ABOUT THIS TASK
All entries must be repeated exactly. No picture should appear in the result.

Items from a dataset
- - -

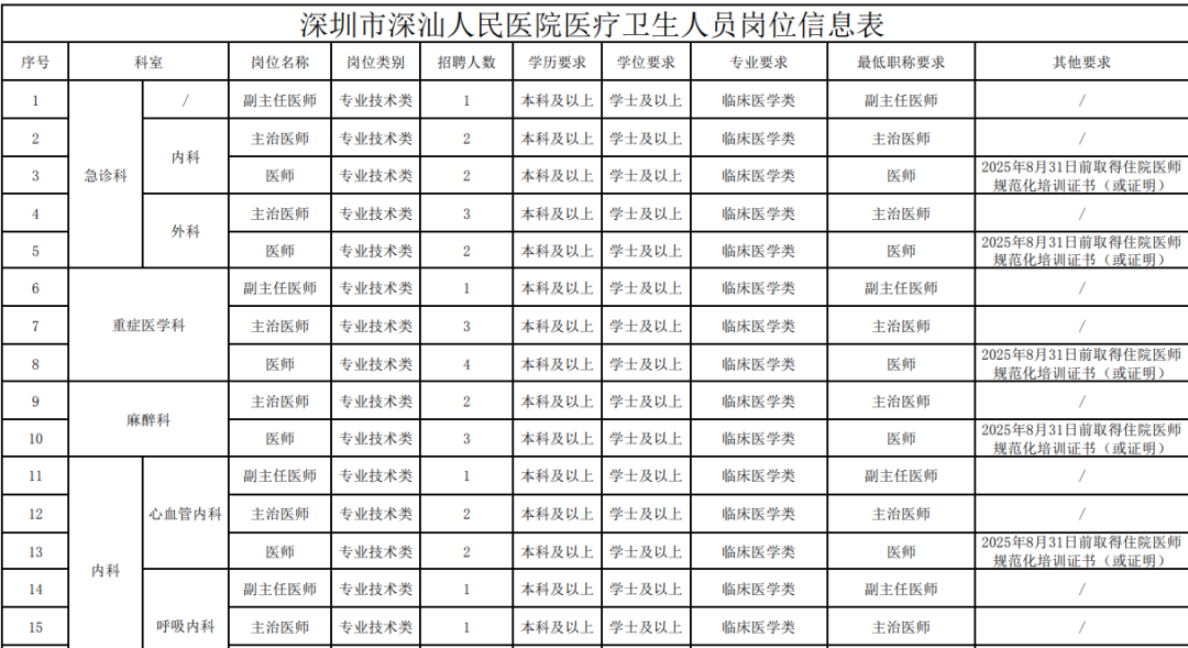 (多岗本科可投)117 名医务人员!深圳市深汕人民医院医疗卫生人员 2025 年第二批招聘公告
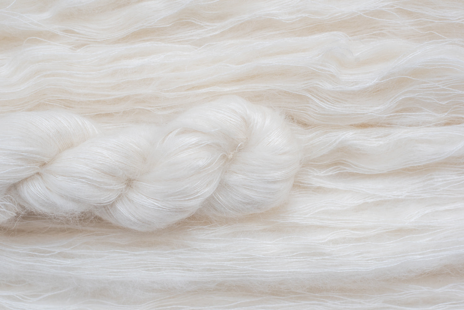 ・ 600m/50gMofu Mohairよりもソフトでシルキーなこのベースは、軽いハローとシルキーなタッチを提供します。レースや中細の毛糸との相性が良く、単独でも使用できます。
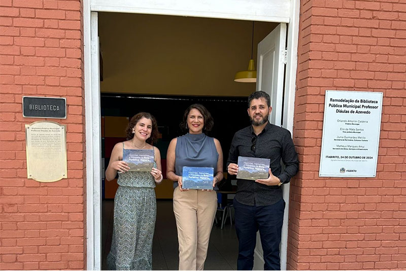 Petra Marques Sampaio, bibliotecária responsável pelo desenvolvimento e seleção de acervo da Biblioteca Pública Municipal Prof. Diáulas de Azevedo; Gilson Fernandes Antunes Martins, coordenador do projeto; e Junia Guimarães Melillo, secretária municipal de Patrimônio, Cultura e Turismo de Itabirito, MG.
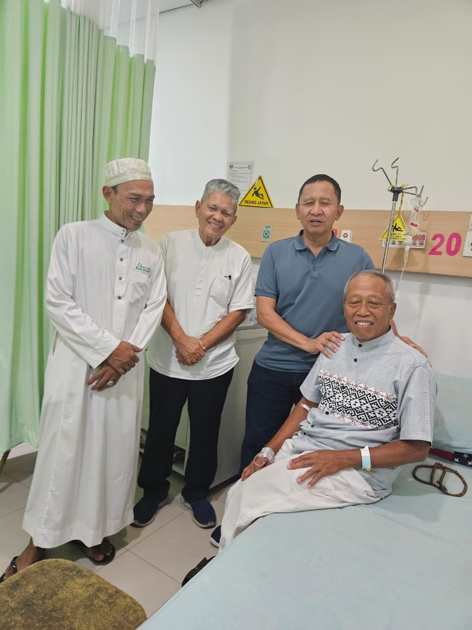 Niatnya satu: Bezoek sahabat kami Pak Tukiman, yang dirawat karena kelelahan sepulang dari kampung. Semangat gotong royong di desa rupanya membuat beliau lupa usia. Alhamdulillah, kondisinya telah membaik—tersenyum, bercerita, dan tampak jauh lebih segar. Menurut putrinya, insya Allah hari itu Bapak diperbolehkan pulang.
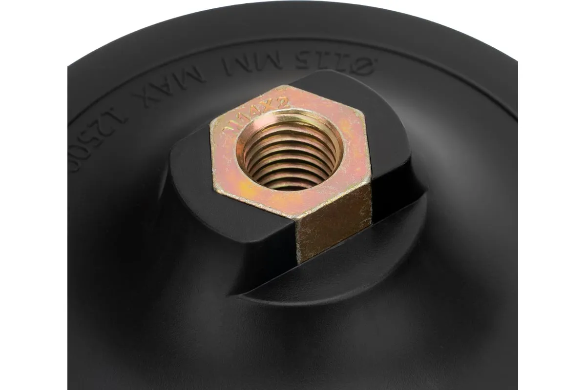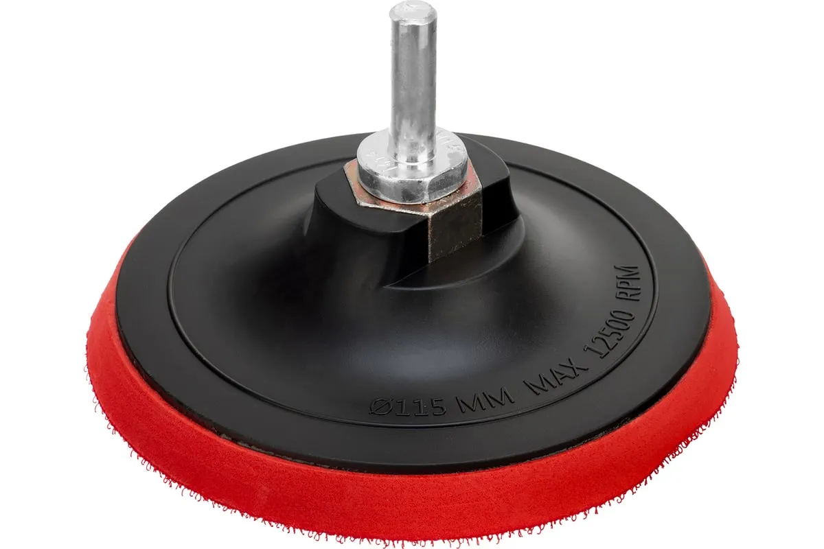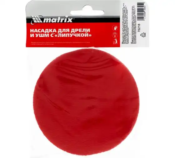 Насадка для дрели и УШМ с липучкой Matrix 76218 используется с дрелями и углошлифовальными машинами, поддерживающими оснастки диаметром 115 мм и имеющими рабочий диапазон вращения до 12500 об/мин. Предназначена для установки абразивных и полировальных кругов на ворсовой подложке. Насадка с демпферной вставкой из вспененного этиленвинилацетата (EVA) универсальна и подходит для всех видов полировальных и шлифовальных работ.
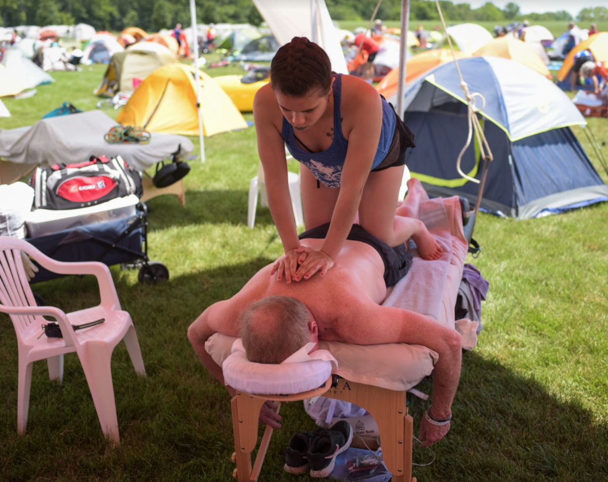 The Pork Belly Camping Experience As we continue to build custom equipment, we're up to 16 semi-trailers in the Pork Infrastructure now, with a growing variety of smaller special-purpose trailers custom-built to serve you. New shade canopies and different placement of canopies this year will add to the social zones in camp. The Misting Trailer houses misting fans to cool you down. The Massage Recovery Tent shelters ten therapists and an appointment desk. Our Bike Mechanics will be set up every afternoon and evening to serve you. We have mentioned banks of Kybos and our Restroom Trailer. We'll also place multiple Hand-Sanitizing Stations, our two Phone-Charging Trailers, the new Coffee Trailer, our Front Desk Trailer, and more on our campsites. Above, we mentioned the increase in PBV Shower Trailers. On RAGBRAI, Porkers, that's as good as it gets.
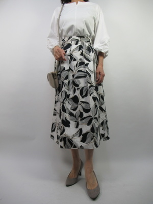 (白×黒でフェミニンコーデ)春らしい白のカットソーブラウスはお袖のフリルがキュートな1枚。ボタニカル柄のスカートは白黒なのでとても上品ですね。春を先取りしたフェミニンコーデ。
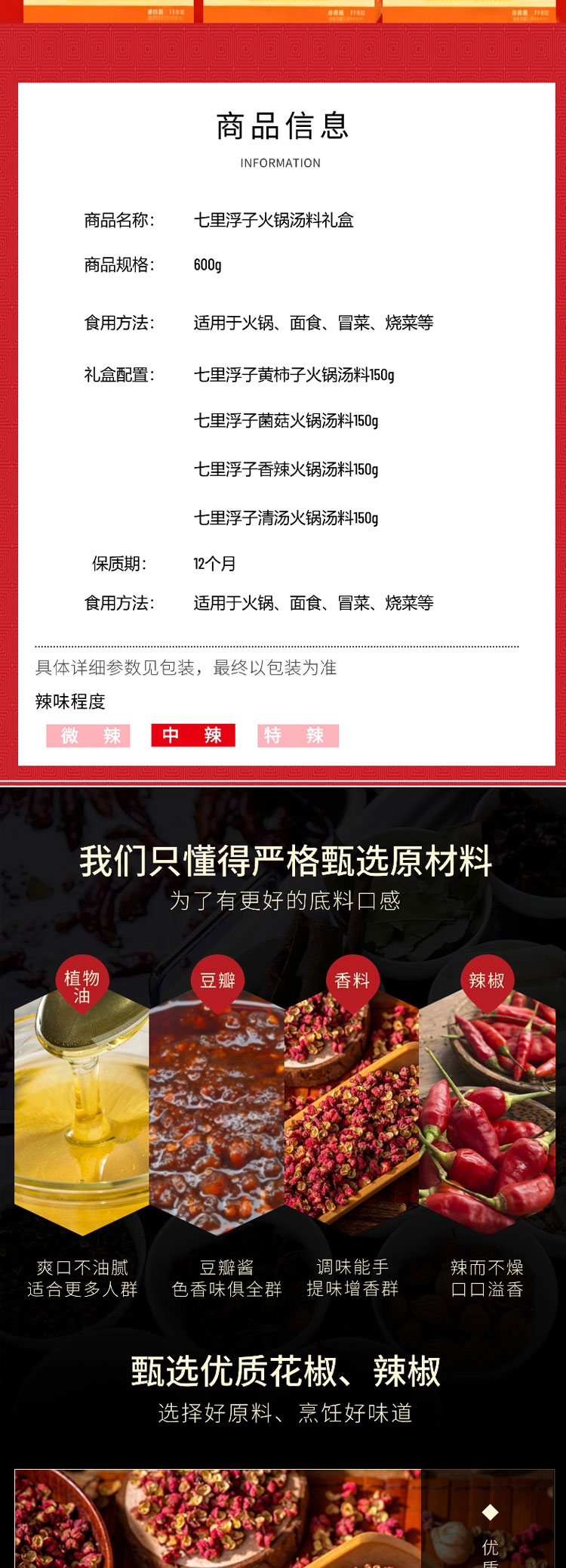 配置清单:礼盒配置: 1、七里浮子黄柿子火锅汤料150g 2、七里浮子菌菇火锅汤料150g 3、七里浮子香辣火锅汤料150g 4、七里浮子清汤火锅汤料150g
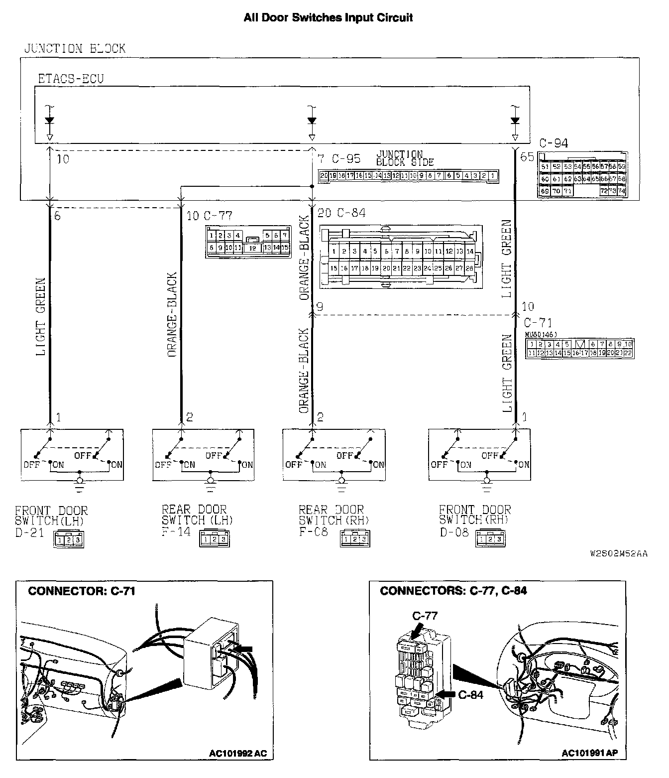 Driver's or front passenger's door: Refer to Inspection Procedure N-4 "ETACS-ECU does not receive a signal from the driver's or the front passenger's door switch."
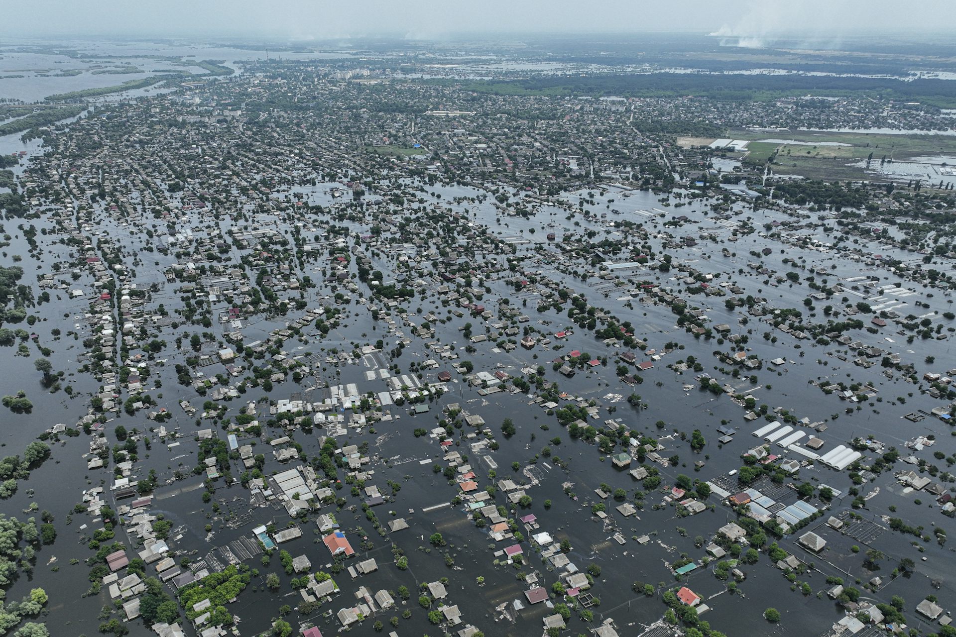 Flooded houses in the town of Oleshky, Ukraine, June 10, 2023. The floods followed the catastrophic explosion that destroyed the Kakhovka Dam in the southern Kherson region.
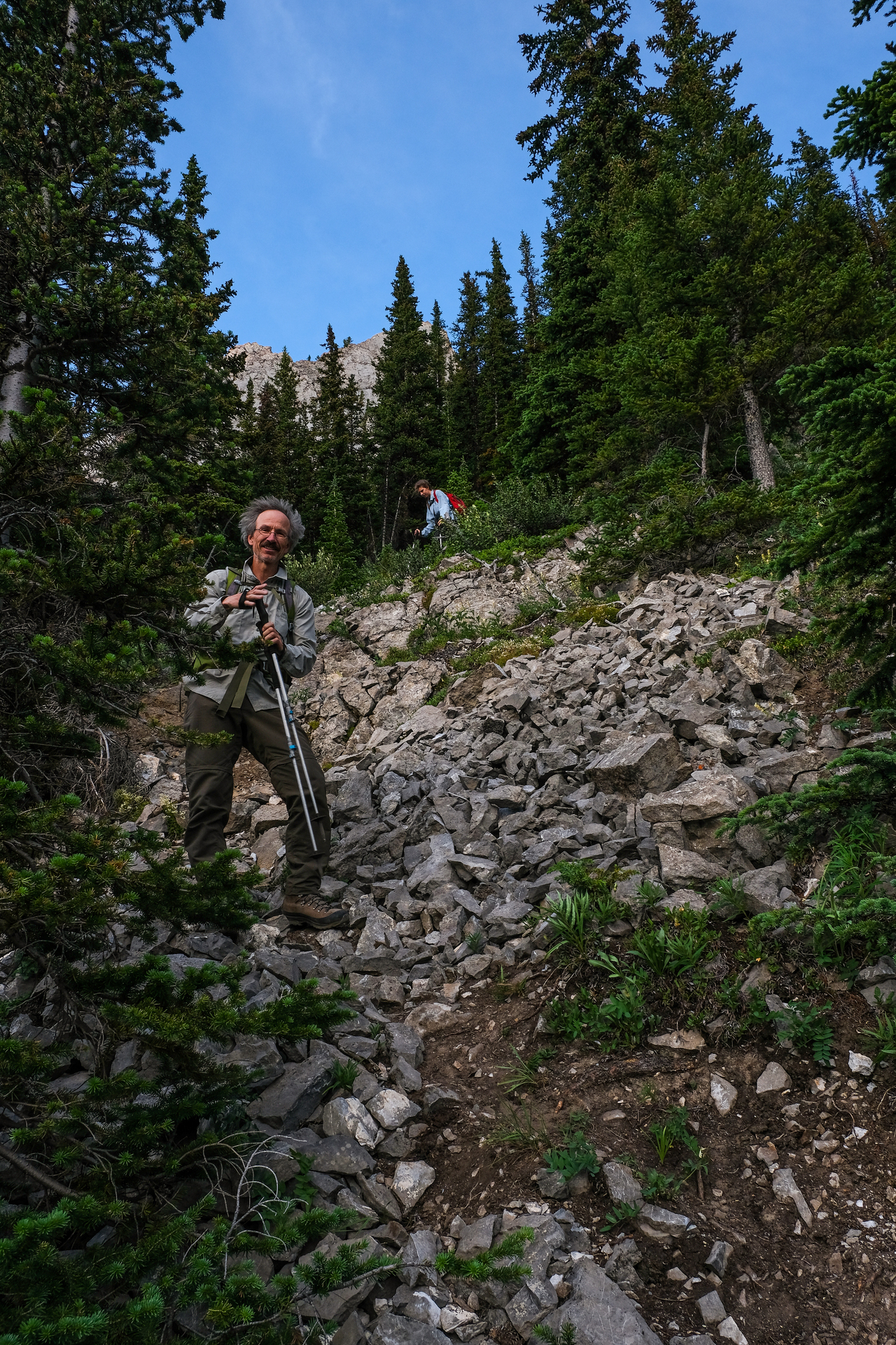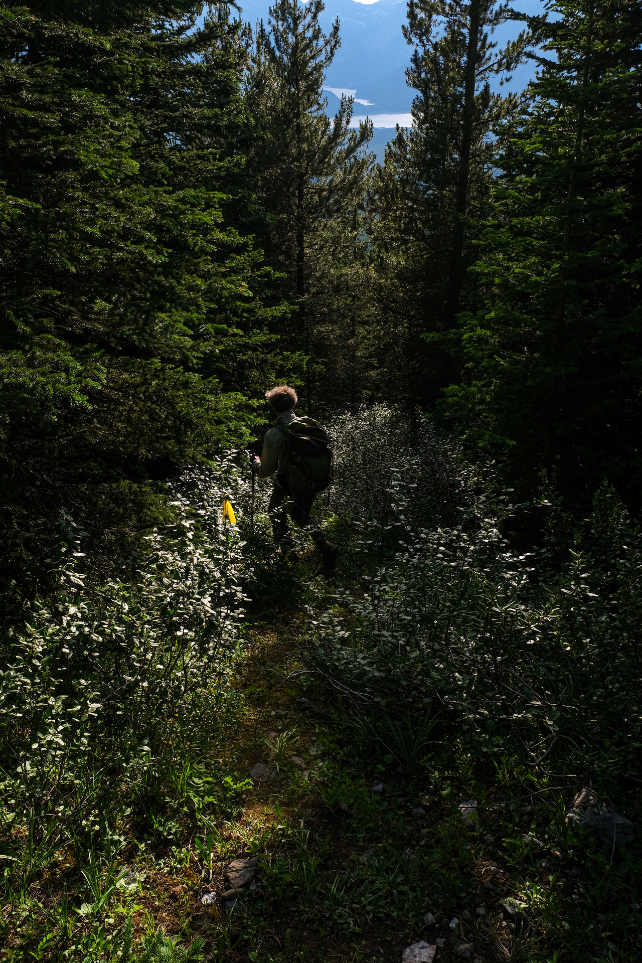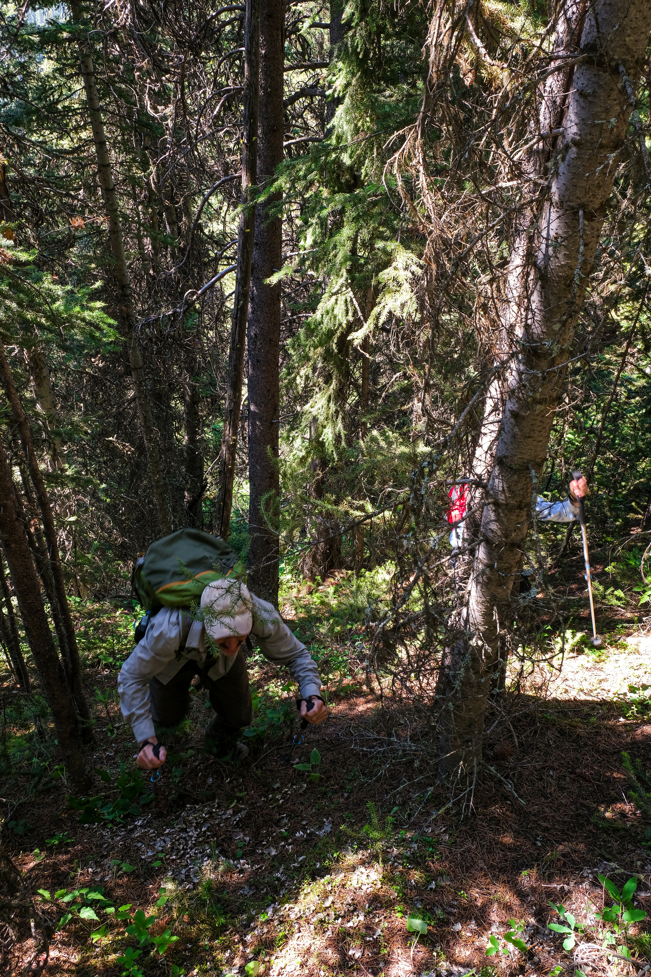 My eyes were extremely dried out at this point, and it was a major relief to finally return to the shelter of the trees below the col.

- - -

TASK SOLUTION
 (多岗本科可投)117 名医务人员!深圳市深汕人民医院医疗卫生人员 2025 年第二批招聘公告
 ・ 600m/50gMofu Mohairよりもソフトでシルキーなこのベースは、軽いハローとシルキーなタッチを提供します。レースや中細の毛糸との相性が良く、単独でも使用できます。
 Petra Marques Sampaio, bibliotecária responsável pelo desenvolvimento e seleção de acervo da Biblioteca Pública Municipal Prof. Diáulas de Azevedo; Gilson Fernandes Antunes Martins, coordenador do projeto; e Junia Guimarães Melillo, secretária municipal de Patrimônio, Cultura e Turismo de Itabirito, MG.
 Niatnya satu: Bezoek sahabat kami Pak Tukiman, yang dirawat karena kelelahan sepulang dari kampung. Semangat gotong royong di desa rupanya membuat beliau lupa usia. Alhamdulillah, kondisinya telah membaik—tersenyum, bercerita, dan tampak jauh lebih segar. Menurut putrinya, insya Allah hari itu Bapak diperbolehkan pulang.
 Насадка для дрели и УШМ с липучкой Matrix 76218 используется с дрелями и углошлифовальными машинами, поддерживающими оснастки диаметром 115 мм и имеющими рабочий диапазон вращения до 12500 об/мин. Предназначена для установки абразивных и полировальных кругов на ворсовой подложке. Насадка с демпферной вставкой из вспененного этиленвинилацетата (EVA) универсальна и подходит для всех видов полировальных и шлифовальных работ.
 The Pork Belly Camping Experience As we continue to build custom equipment, we're up to 16 semi-trailers in the Pork Infrastructure now, with a growing variety of smaller special-purpose trailers custom-built to serve you. New shade canopies and different placement of canopies this year will add to the social zones in camp. The Misting Trailer houses misting fans to cool you down. The Massage Recovery Tent shelters ten therapists and an appointment desk. Our Bike Mechanics will be set up every afternoon and evening to serve you. We have mentioned banks of Kybos and our Restroom Trailer. We'll also place multiple Hand-Sanitizing Stations, our two Phone-Charging Trailers, the new Coffee Trailer, our Front Desk Trailer, and more on our campsites. Above, we mentioned the increase in PBV Shower Trailers. On RAGBRAI, Porkers, that's as good as it gets.
 (白×黒でフェミニンコーデ)春らしい白のカットソーブラウスはお袖のフリルがキュートな1枚。ボタニカル柄のスカートは白黒なのでとても上品ですね。春を先取りしたフェミニンコーデ。
 配置清单:礼盒配置: 1、七里浮子黄柿子火锅汤料150g 2、七里浮子菌菇火锅汤料150g 3、七里浮子香辣火锅汤料150g 4、七里浮子清汤火锅汤料150g
 Driver's or front passenger's door: Refer to Inspection Procedure N-4 "ETACS-ECU does not receive a signal from the driver's or the front passenger's door switch."
 Flooded houses in the town of Oleshky, Ukraine, June 10, 2023. The floods followed the catastrophic explosion that destroyed the Kakhovka Dam in the southern Kherson region.
 My eyes were extremely dried out at this point, and it was a major relief to finally return to the shelter of the trees below the col.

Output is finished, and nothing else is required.